Proposed mechanism for maitotoxin-1 production. Polyene (premaitotoxin) produced by polyketide biosynthesis undergoes epoxidation, epoxide cyclisation and sulfonation to form Maitotoxin-1

There are three major functional groups of PKSs. Type I PKS are large multifunctional proteins, comprising several essential domains: acyltransferase domain (AT), β-ketosynthase domain (KS) and acyl carrier protein (ACP); they can also include β-ketoacyl reductase (KR), enoyl reductase (ER), methyl transferases (MT), thioesterases (TE) and dehydrogenase (DH) domains [16]. In iterative type I polyketide synthesis the same set of catalytic domains are present in one protein and used in a cyclic fashion for chain elongation, analogous to fatty acid synthesis (FAS) [17, 18]. In contrast, modular type I PKS catalytic domains are organised in modules comprising all required domains for each step and each module is only used once during polyketide assembly [16]. Type II PKS consist of mono-functional proteins with each catalytic domain on a separate peptide that form complexes for polyketide assembly [19].

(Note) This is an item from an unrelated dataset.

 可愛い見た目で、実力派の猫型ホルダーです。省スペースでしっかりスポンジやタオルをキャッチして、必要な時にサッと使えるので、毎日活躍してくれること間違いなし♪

Dinoflagellates possess some of the largest genomes known from eukaryotes, from 1.85 to 112 Gbp [20]. Their gene content has been estimated to be much smaller than would be anticipated based on their genome size, at 38,188 – 87,688 protein coding genes [21]. The copy number of individual genes can vary significantly, between 30 copies (protein kinase gene in L. polyedrum) [22] to 5000 copies (peridinin-chlorophyll a-binding protein gene studied in L. polyedrum) [23], and up to 100,000 copies of common genes such as rRNA [24]. Such huge genome sizes and high gene copy numbers have made entire genome sequencing for these organisms unfeasible. Recent advancement of high throughput sequencing technologies has now made it feasible to study the gene content of these organisms at the genomic and transcriptomic level. Recently, a partial draft assembly of Symbiodinium minutum genome, which has amongst the smallest genomes of a dinoflagellate, has been achieved [25]. In dinoflagellates, the lack of axenic cultures, as well as the difficulty in constructing genetic mutations and screening mutants, has meant that confirming the roles of genes in biosynthetic pathways is currently not possible. Despite the challenges, type I modular PKS genes have been identified in Karenia brevis [26, 27], Heterocapsa circularisquama [28], Heterocapsa triquetra [29], Alexandrium ostenfeldii [29], Azadinium sp. [30] and several Amphidinium species [31, 32] via transcriptomics. In dinoflagellates mRNA undergoes trans-splicing with an addition of a 22-nt conserved spliced leader (SL) to the 5’ end of the sequence [33]. Sequencing of full-length mature mRNA transcripts containing the SL sequence and phylogenetic analysis is necessary to distinguish these sequences from bacterial PKS genes, originating from non-axenic cultures. Interestingly, in most of the previous studies, full-length transcripts only encoded one catalytic domain, but were homologous to type I PKSs, suggesting a novel mono-functional type I PKS in dinoflagellates [29]. However, if polyether ladders are produced by modular type I PKS enzymes, based on the structure of these compounds, the PKS sequences discovered so far likely represent only a fraction of the PKS genes present.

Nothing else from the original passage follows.